Re: [Nopaodan & Hentanodan & Gidinodan] Kurtlar ve Çakallar

#2
Kıdemlim Tegin ve Başpolis memuru Sai ile yeniden bir görevde beraber olma şerefiyle onurlandırılmıştım. Zaten onların ne kadar büyük polis memurları olduğunu bilsem de onları çalışırken gördükten sonra ne kadar büyük bir yanılgı içerisinde olduğumu fark ettim. Çünkü onlar sadece büyük polis memurları değillerdi. Onlar ultra mega büyük polis memurlarıydılar. Çatışma esnasında deli gibi sabit bir noktaya yumruk atmalar ve adeta bir atmaca gibi kıvrak hareketlerle gelen saldırılardan sıyrılıp bir kuğu gibi düşman üzerine ok fırlatmalar. Bu dediklerim her polis memurunun görebileceği şeyler değillerdi. Hele ki bunları yapanlar ise öylesine basit polis memurları hiç değillerdi.

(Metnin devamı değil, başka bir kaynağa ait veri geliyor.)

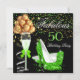 Any Age. Fabulous 40, 50, 60, 70, 80, Birthday Party. Elegant Lime Green Glitter High Heel shoes, Gold Sparkle and Black Champagne. Women's ladies or mens. Elegant Classy Celebrations All Occasion Invitations. Party birthday invites Template for 21st, 30th, 40th, 50th, 60th, 70th, 80th, 90, 100th,
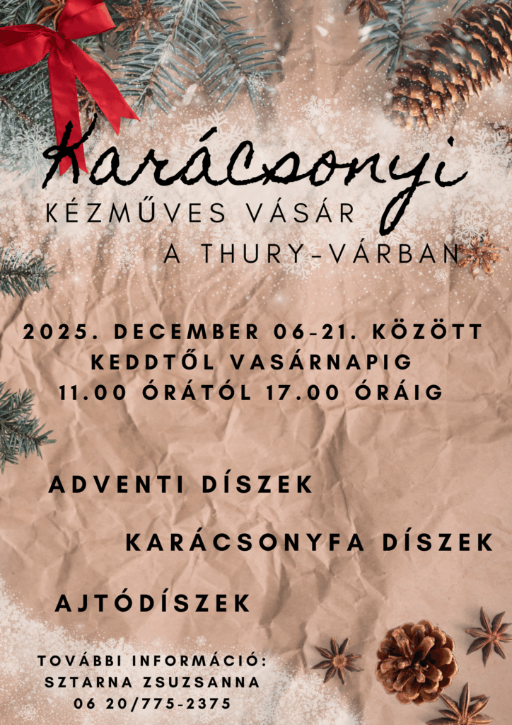 Kézműves karácsonyi vásár a Thury-várban 2025. december 06-21. napjáig 11.00-17.00 óráig.

Kıdemli ve Başpolis memurunu görünce heyecandan anılara daldım. Bu daldığım girdaptan hemen çıkıp yeni görevime odaklandım. Yeni görevime kısaca kesik üç parmak diyeceğim. Çünkü olaylar bir adet Yüce Himato vatandaşının üç tane parmağı kesiliyor ve bunun nedeninin mafyaya olan borcundan dolayı olduğu anlaşılmasıyla olaylar başlıyor. Araştırma yapmamız gereken üç farklı lokasyon vardı. Bunları incelememiz gerekiyordu. Yapmamız gerekenler çok açıktı. Bilgiler ise çok netti. Sadece eyleme geçmemiz gerekiyordu. Buradaki yetki Başpolis memurunda olduğu için nasıl bir strateji geliştireceğimiz de onun inisiyatifine kalmış gibi görünüyordu. Fakat benim tanıdığım Başpolis memuru her zaman önerilere açık son derece çağdaş bir Himatoluydu. Bu yüzden sağ elimi havaya kaldırdıktan sonra Başpolis memuruna bakarak '' Zanlıların kaçmaması için aynı anda üç noktaya gitmeyi öneriyorum efendim. Birazcık tehlikeli olabilir fakat tüm şüphelileri yakalama olasımız çok yüksek '' diyecektim. Tek tek gitme seçeneği seçerse de itiraz etmeyi düşünmüyordum. Sonuçta Başpolis memuru Sai bu seçeneği seçerse eminim ki bunun altında benim göremediğim farklı şeyleri görmüştür.
► Show Spoiler

Re: [Nopaodan & Hentanodan & Gidinodan] Kurtlar ve Çakallar

#3
Sai ve Santin ile birlikte yeni görevimizin detaylarını dinlemek için teşkilat merkezine gittik. Brifingden anladığım kadarıyla olay amirimizin bahsettiği gibi gerçekten de basit gibi duruyor. Sadece 3000 PBF için parmak kesip mafyacılık oynayan birilerini bulmamız gerekiyor. Halihazırda bakmamız gereken yerler bile belli olduğu için çok fazla zorlanacağımızı düşünmüyorum. Bizim sadece önceden belirlenen bu yerlere giderek şüpheli bir şeyler olup olmadığına bakmamız gerekiyor. Görevdeki tek sorun bizden başka kimse gönüllü olmadığı için kişi sayımızın yeterli olmaması. Eğer ayrılırsak her bölgeyi kısa sürede araştırabiliriz ama üçümüzden biri kesin olarak tek başına mafyacılık oynayan arkadaşlar ile uğraşması gerekecek. Yok ayrılmazsak bu seferde şüpheliler baskın haberlerini öğrenip kaçabilirler.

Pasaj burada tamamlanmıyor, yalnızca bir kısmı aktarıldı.